Some notable exhibitions that Ace has been included in have been the In/Digitized – Indigenous Culture in a Digital World (007 with Special Agent Robert Houle) at SAW Gallery (2013), Native Fashion Now: North American Indian Style at the Peabody Essex Museum (2016), Canadian Biennial at the National Gallery of Canada (2017), Memory Landscape at Museu Nogueira da Silva, Universidade do Minho (2016), Every.Now.Then: Reframing Nationhood at the Art Gallery of Ontario (2017), Always Vessels at Carleton University Art Gallery (2017), It's Complicated with 007 at Central Art Garage (2017), raise a flag: works from the Indigenous Art Collection (200–2015) at OCAD University (2017), Insurgence/Resurgence at the Winnipeg Art Gallery (2018), and Radical Stitch at the MacKenzie Art Gallery (2022).

Barry Ace's artwork has been exhibited at galleries such as the National Gallery of Canada, including Abadakone in 2019, the Ottawa Art Gallery, Karsh-Masson Gallery, the Art Gallery of Southwestern Manitoba, Winnipeg Art Gallery, the Royal Ontario Museum, and the Canadian Museum of History. Ace's work has been collected by the Canada Council Art Bank, Woodland Cultural Centre, the Royal Ontario Museum, the Ottawa Art Gallery, Indigenous Affairs and Northern Development Canada, the National Gallery of Canada, Nordamerika Native Museum, the City of Ottawa, and Global Affairs Canada.

Ace has curated several shows himself, including A Celebration: The Art of Canada's First Peoples (Rideau Hall, Ottawa, 1996–1997), Perpetual Bundle (Hull, 1996), and inter/SECTION (Hull, 1998). He served as Chief Curator for the Aboriginal Art Centre, Aboriginal Affairs and Northern Development Canada from 1994 to 2000. Ace organized numerous exhibitions, including Transitions: Contemporary Canadian Indian and Inuit Art (1997), which toured internationally.

== Selected works ==
- 2006 Reaction – footwear
- 2010 A Reparative Act – performance
- 2013 Healing Dance 1 – painting
- 2013 Urban Bustle – mixed media
- 2014 Nigik Makizinan – Otter Moccasins
- 2016 Bandolier for M'Chigeeng – mixed media
- 2016 Nayaano-nibiimaang Gichigamiin: The Five Great Lakes – mixed media
- 2017 Bandolier for Alain Brosseau – mixed media

== Awards ==
In 2015, Barry Ace won the K.M. Hunter Artist Award for visual arts. Ace won the Ontario Association of Art Galleries' Curatorial Writing Award in 2012 for his essay "A Reparative Act," which was written for Robert Houle's Paris/Ojibwa exhibition catalogue. He also won the Deputy Minister's Outstanding Achievement Award with his team in 1999 for the artist-in-residence and exhibition program that they launched at Aboriginal Affairs and Northern Development Canada.
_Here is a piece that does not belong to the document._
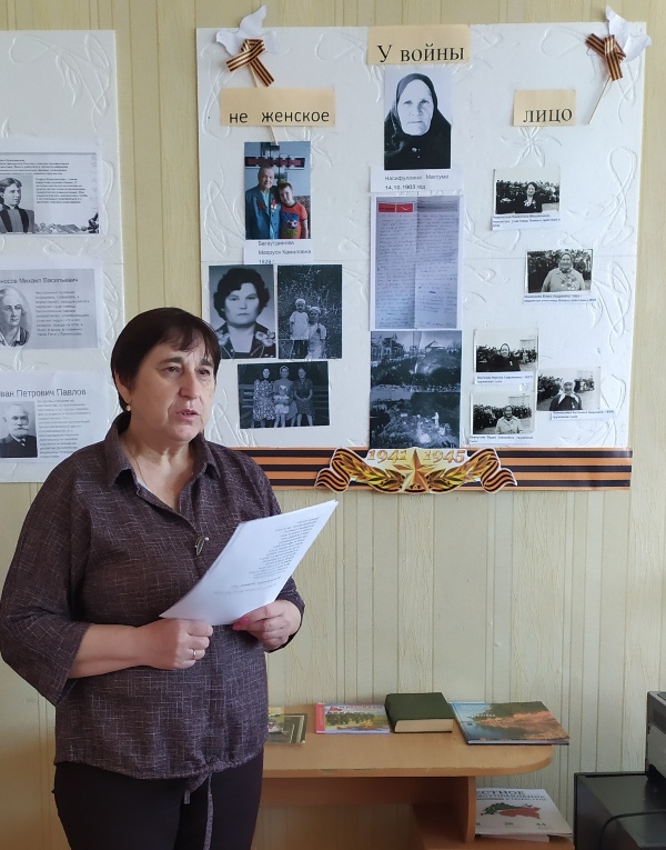 Помня о героических событиях в годы войны, нельзя забывать о трудовых подвигах женщин. Война коснулась и наше село. В годы войны в санатории «Ижминводы» был развернут эвакуационный госпиталь под номером 4639. Многие женщины села работали там. Своим письмом-воспоминанием и фотографиями поделилась с нами Багаутдинова М.К., мать которой ухаживала за ранеными. В библиотеке оформлен стенд по представленным материалам. Подробно о работе госпиталя рассказала директор СДК Пономарева В.Б.
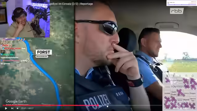 05:42:13Der Streamer freut sich über ein Bingo und bedankt sich für eine Spende. Er kommentiert eine Szene, in der Polizisten den Verkehr beobachten und ein Auto kontrollieren. Er macht ironische Bemerkungen über Schwarzarbeit und kommentiert die Sprachbarriere bei der Kontrolle. Der Streamer scherzt über seine früheren Bingo-Spiele und wie er dafür kritisiert wurde. Er setzt seine ironischen Kommentare über Geld und teure Marken fort und spielt mit dem Gedanken, wie diese Aussagen ohne Kontext auf TikTok aufgenommen werden könnten. Er imitiert mögliche Kommentare über seine angebliche Abgehobenheit.

== Organizations and groups ==
With Ryan Rice, Ron Noganosh, and Ahasiw Maskegon-Iskew in 2006, Barry Ace co-founded the non-profit Indigenous Curatorial Collective (formerly the Aboriginal Curatorial Collective). Connecting Indigenous curators and cultural producers across Canada, the ACC has played an important role in gathering a strong Indigenous arts community and supporting curatorial and writing projects that share the many voices that make up that community.

Barry Ace also co-founded the OO7 (Ottawa Ontario Seven) Collective, a group of Indigenous artists that includes Ariel Smith, Rosalie Favell, Frank Shebageget, Leo Yerxa, Michael Belmore, Ron Noganosh, and invited "special agents." The group provides an alternative and experimental space for Ottawa-based Indigenous artists at different stages in their careers, and supports them by providing opportunities for self-curation, public engagement, and critique.